It exposes several methods to the outside world:

• deposit
  Parameters: uint160(from), uint160(to), integer(amount), integer(till)
  Transfers specified amount of GAS from "from" address to native contract address and records deposited amount as belonging to "to" address with a lock till "till" chain's height. Must be witnessed by "from". "to" can be left unspecified (null), with a meaning that "to" is the same address as "from". "amount" can't be less than 2×FEE for the first deposit call for the "to" address. Each successive deposit call must have "till" value equal to or more than the previous successful call (allowing for renewal), if it has additional amount of GAS it adds up to the already deposited value.
  Returns boolean result, "true" for successful calls and "false" for failed ones.
• withdraw
  Parameters: uint160(from), uint160(to)
  Sends all deposited GAS for "from" address to "to" address. Must be witnessed by "from". "to" can be left unspecified (null), with a meaning that "to" is the same address as "from". It can only be successful if the lock has already expired, attempting to withdraw the deposit before that height fails. Partial withdrawal is not supported.
  Returns boolean result, "true" for successful calls and "false" for failed ones.
• balanceOf
  Parameters: uint160(addr)
  Returns deposited GAS amount for specified address (integer).
• expirationOf
  Parameters: uint160(addr)
  Returns deposit lock height for specified address (integer).
• verify
  This is used to verify transactions with notary contract specified as a signer, it needs one signature in the invocation script and it checks for this signature to be made by one of designated keys, effectively implementing "1 out of N" multisignature contract.
• onPersist
  This method is to be run during block processing before transaction processing occurs. For all transactions using "Notary assisted" attribute it mints and distributes to designated addresses transaction fee paid for this attribute ((NKEYS+1)×FEE).

"P2P Notary request" payload type

A new broadcasted payload type is introduced for notary requests (it can be generalized for other services). It's distributed via regular inv-getdata mechanism like transactions, blocks or consensus payloads. An ordinary P2P node verifies it, saves in a structure similar to mempool and relays. This payload has witness (standard single-signature contract) attached signing all
of the payload.

This payload has two incomplete transactions inside:

• fallback tx
  This transaction has P2P Notary contract as a sender and service request sender as an additional signer. It can't have a witness for Notary contract, but it must have proper witness for request sender. It must have "NotValidBefore" attribute that is no more than MAX_NVB_DELTA higher than the current chain height and it must have "Conflicts" attribute with the hash of the main transaction. It at the same time must have "Notary assisted" attribute with a count of zero.
• main tx
  This is the one that actually needs to be completed, it either doesn't have all witnesses attached (in this case none of them can be multisignature), or it only has a partial multisignature, only one of the two is allowed (this can be changed in the future). This transaction must have "Notary assisted" attribute with a count of NKEYS (and Notary contract as one of the signers).

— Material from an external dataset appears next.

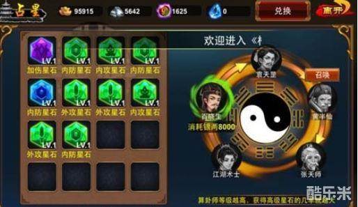 通过点击算卦按钮即可开始算卦,而左侧将会开始显示获得的星石。相信细心的玩家已经注意到,只要随机到的算卦师越强劲获得的星石品质也将更好;
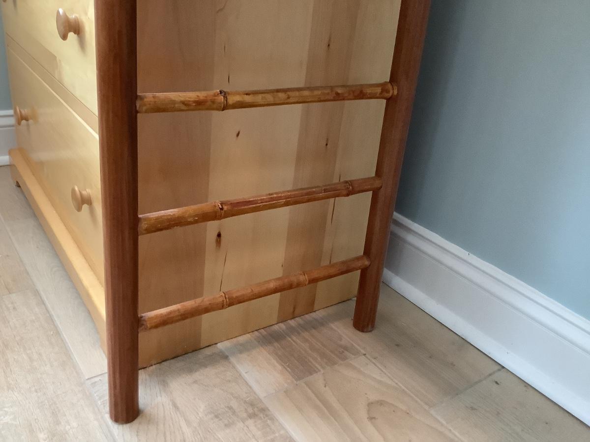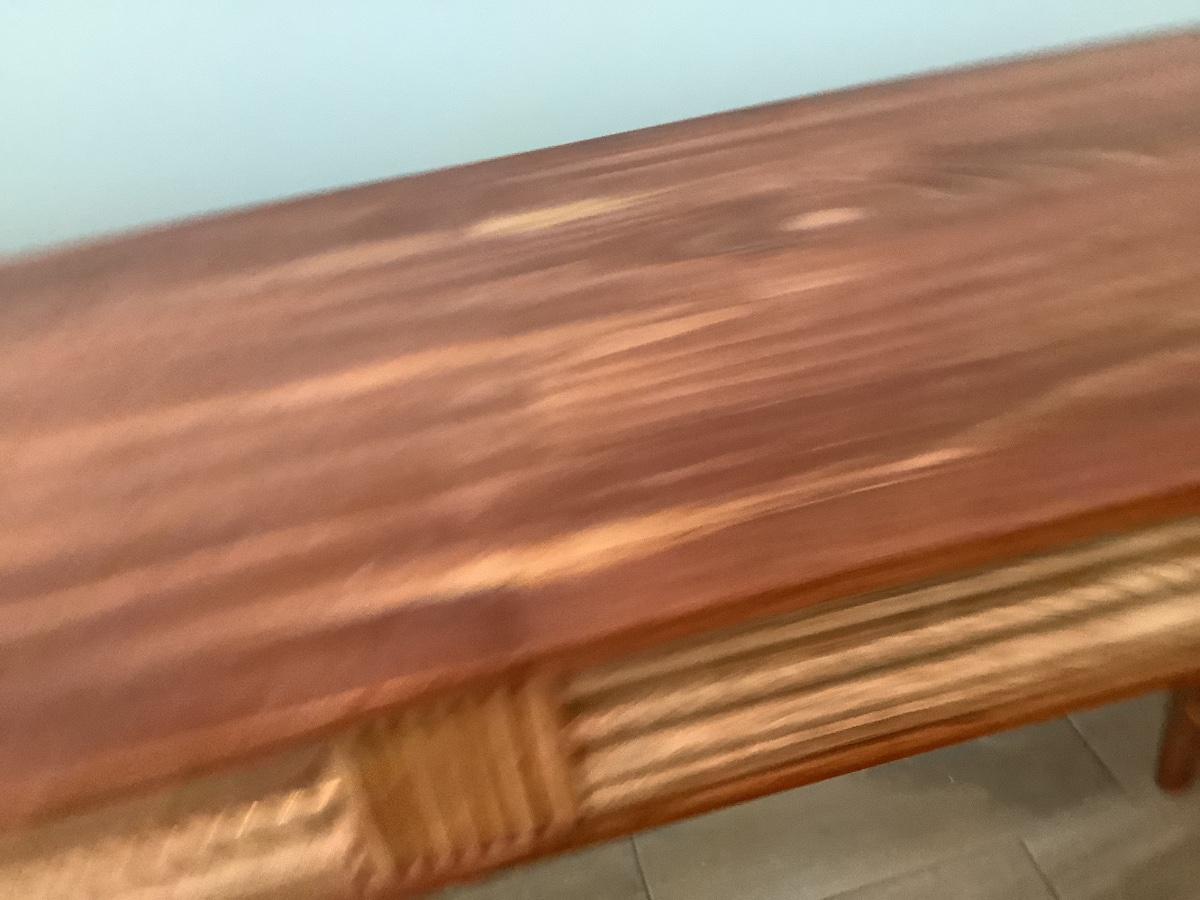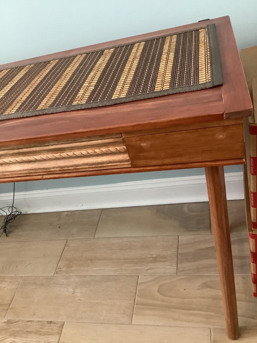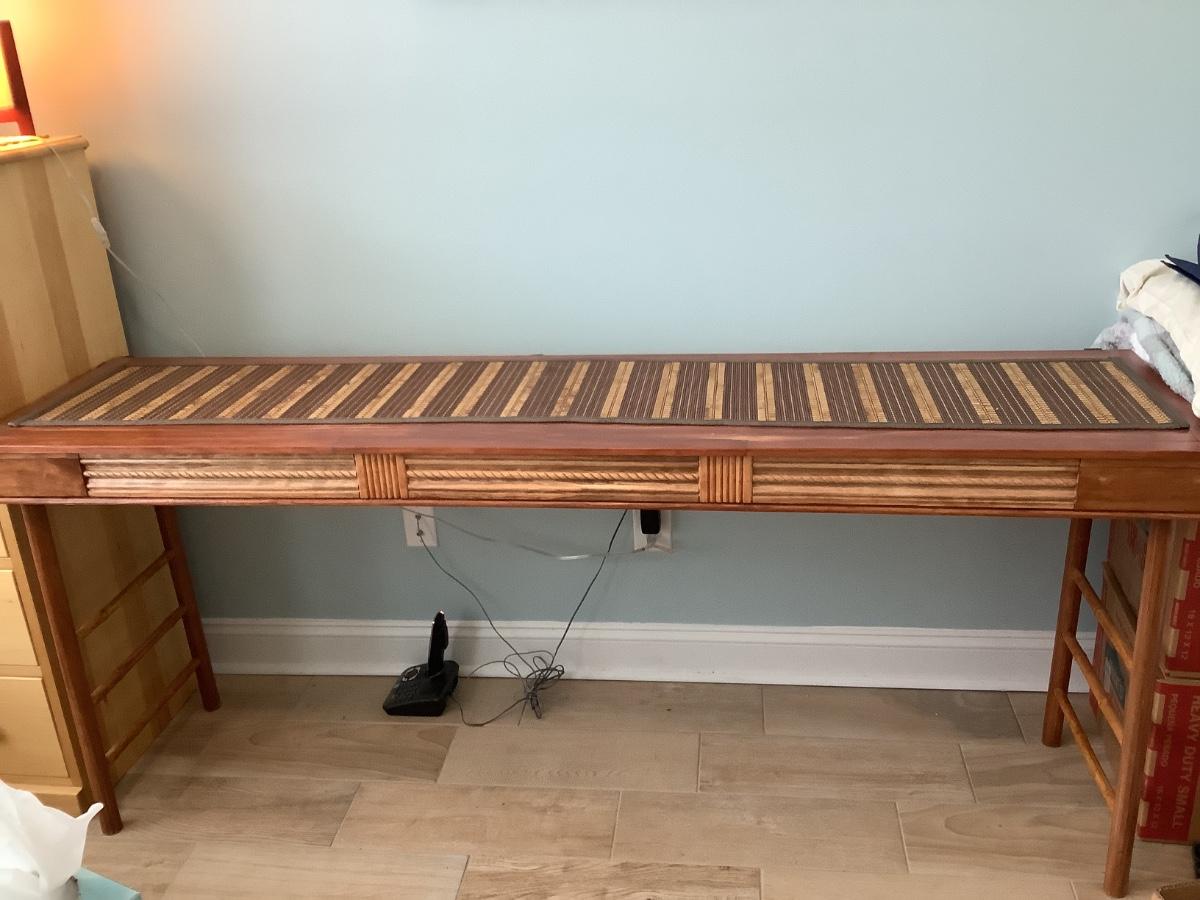 Wooden side/sofa table with bamboo rungs- homemade 74”x18 1/2”  31”H

Verification of this service payload:

• each transaction included must satisfy criterias outlined above
• if the sender of this payload has less GAS deposited to the P2P Notary contract than the sum of fees of all not yet processed fallback transactions for this sender, the payload is invalid
• if ValidUntilBlock values of two transactions don't match, the payload is invalid
• if the "Conflicts" hash of the fallback transaction doesn't match main transaction hash, the payload is invalid
• if the sum of "NotValidBefore" height and MAX_NVB_DELTA of the fallback transaction is more than or equal to the sender's deposit expiration height, the payload is invalid

MAX_NVB_DELTA can be policy value set according to network's
MillisecondsPerBlock and ValidatorsCount. It is expected to be around 10-20
blocks for mainnet.

Node module

Node module with the designated key monitors the network for "P2P Notary request" payloads. It maintains a list of current requests grouped by main transaction hash, when it receives enough requests to correctly construct all transaction witnesses it does so, adds a witness of its own (for Notary contract witness) and sends the resulting transaction to the network.

If the main transaction with all witnesses attached still can't be validated because of fee (or other) issues, the node waits for "NotValidBefore" block of the fallback transaction to be persisted.

If "NotValidBefore" block is persisted and there are still some signatures missing (or the resulting transaction is invalid), the module sends all the associated fallback transactions for the main transaction.

After processing service request is deleted from the module.

Regular operation flow

To be able to use the service all parties involved must deposit some amount of GAS to the Notary contract via its deposit method.

Then, when they need to send a transaction using multisignature account they independently prepare that transaction (with one signature attached for that particular participant) and a fallback transaction for it, both transactions are packed into P2P notary request payload, signed by the sender and sent to the P2P network. Participants should then wait for one of their transactions to get accepted into one of subsequent blocks.

Valid payload is distributed via P2P network using standard broadcasting mechanisms until it reaches designated notary nodes that have the respective node module active. They collect all payloads for the same main transaction until enough signatures are collected to create proper witnesses for it. They then attach all witnesses required and send this transaction as usual and monitor subsequent blocks for its inclusion.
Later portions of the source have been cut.